Preoccupied with their secrets, they live in almost suspended animation, waiting for an end to the weeks and months of apparent nothing – the so-called ‘phoney war.’ None of them are prepared for the real war when it begins – devastating and senseless, reconfiguring their lives forever. 

Untold stories

I have told the first part of the novel deliberately unhurriedly to mirror that ‘almost suspended animation’ and then upped the pace in part two to show the sudden impact of the ‘real’ war. I put my hand up and can say that this novel is not a page-turner, but I hope a ‘slow-burn’ and immersive experience for the reader.
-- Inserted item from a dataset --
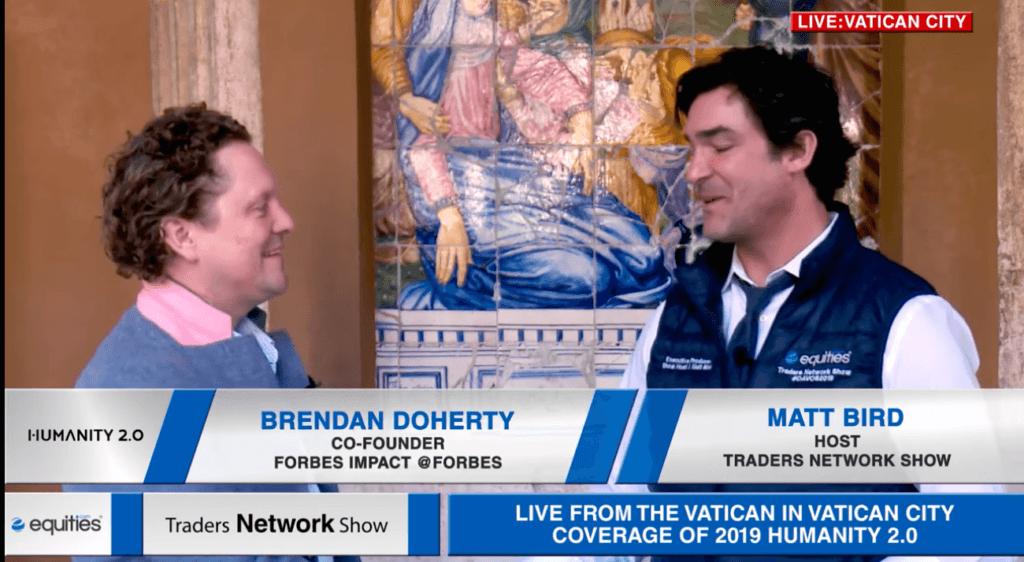 Brendan Doherty Co-Founder of Forbes Impact Interview with Matt Bird at Humanity 2.0 ESG News • January 7, 2022 Brendan Doherty, Co-Founder of Forbes Impact at Forbes interview with Matt Bird at Humanity 2.0 (Vatican City)

The narrative is told through three perspectives: Jim, Mary, and thirteen-year-old, Teddy, as I wanted to give voice to members of whole family, not only to butcher, Jim, but to a woman and a young adult, whose stories are often left untold, exploring the devastating effects of war: how it not only thwarts ambition, but also offers opportunities. I am also interested in family dynamics – and dysfunction – and I wanted to focus on that, too.

A sense of place

The writing of Weights and Measures, started with place (as did my first novel Advent). Being brought up in that butcher’s shop at 141, walking the streets of Cwmbwrla, attending its school, drinking frothy coffee in the Italian cafés that used to be at the heart of Cwmbwrla Square, enabled me to cast my intimate knowledge of the territory back in time to 1939, and move my characters though the narrative with, I hope, a degree of authenticity. I would love my readers to feel satisfied with the story, to say: I can imagine what it felt like to be those people, living in that place at that time.

A love letter to Swansea

Weights and Measures has found the best home I could wish for at Watermark Press. As a Welsh-based writer I am delighted to be published by a proudly Welsh-based press. Weights and Measures is not a story merely set in Swansea for cosmetic purposes, but truly made there and part of its DNA. It is an homage to a Cwmbwrla that once was and is no more.

As the wonderful BAFTA-winning Film and Director, Euros Lyn, puts it: Against the epic backdrop of the Second World War, Fraser’s intimate love letter to Swansea bursts with passion, humour, and heart.

I hope readers will enjoy the novel as much as I have enjoyed writing it.